SPC stands for Super Privileged Container, which are containers that contain software used to manage the host system that the container will be running on. Since these containers could do anything on the system and we don't want SELinux blocking any access we made spc_t an unconfined domain.
If you are on an SELinux system, and run docker with SELinux separation turned off, the containers will run with the spc_t type.
You can disable SELinux container separation in docker in multiple different ways.
- You don't build docker from scratch with the BUILDTAG=selinux flag.

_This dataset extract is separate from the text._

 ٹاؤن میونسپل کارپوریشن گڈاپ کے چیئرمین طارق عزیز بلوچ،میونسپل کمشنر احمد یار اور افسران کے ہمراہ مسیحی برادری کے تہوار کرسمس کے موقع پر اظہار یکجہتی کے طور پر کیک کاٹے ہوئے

- You run the docker daemon without --selinux-enabled flag
- You run a container with the --security-opt label:disable flag
- You share the PID namespace or IPC namespace with the host
Note: we have to disable SELinux separation in ipc=host and pid=host because it would block access to processes or the IPC mechanisms on the host.
Why not use unconfined_t?
The question comes up is why not just run as unconfined_t? A lot of people falsely assume that unconfined_t is the only unconfined domains. But unconfined_t is a user domain. We block most confined domains from communicating with the unconfined_t domain, since this is probably the domain that the administrator is running with.

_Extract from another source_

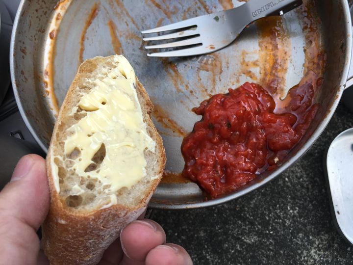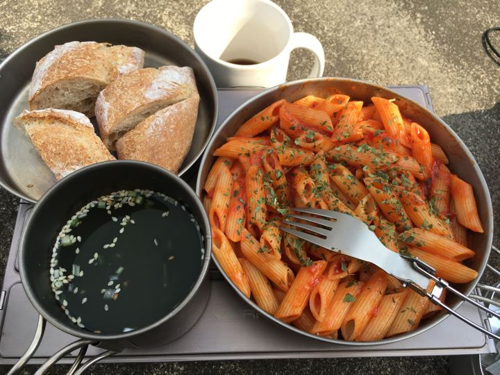 ランチはペンネアラビアータとバゲット。うみゃ〜!

What is different about spc_t?
First off the type docker runs as (docker_t) can transition to spc_t, it is not allowed to transition to unconfined_t. It transitions to this domain, when it executes programs located under /var/lib/docker
# sesearch -T -s docker_t | grep spc_t
type_transition container_t docker_share_t : process spc_t;
type_transition container_t docker_var_lib_t : process spc_t;
type_transition container_t svirt_sandbox_file_t : process spc_t;
Secondly and most importantly confined domains are allowed to connect to unix domain sockets running as spc_t.
This means I could run as service as a container process and have it create a socket on /run on the host system and other confined domains on the host could communicate with the service.
For example if you wanted to create a container that runs sssd, and wanted to allow confined domains to be able to get passwd information from it, you could run it as spc_t and the confined login programs would be able to use it.
Some times you can create an unconfined domain that you want to allow one or more confined domains to communicate with. In this situation it is usually better to create a new domain, rather then reusing unconfined_t.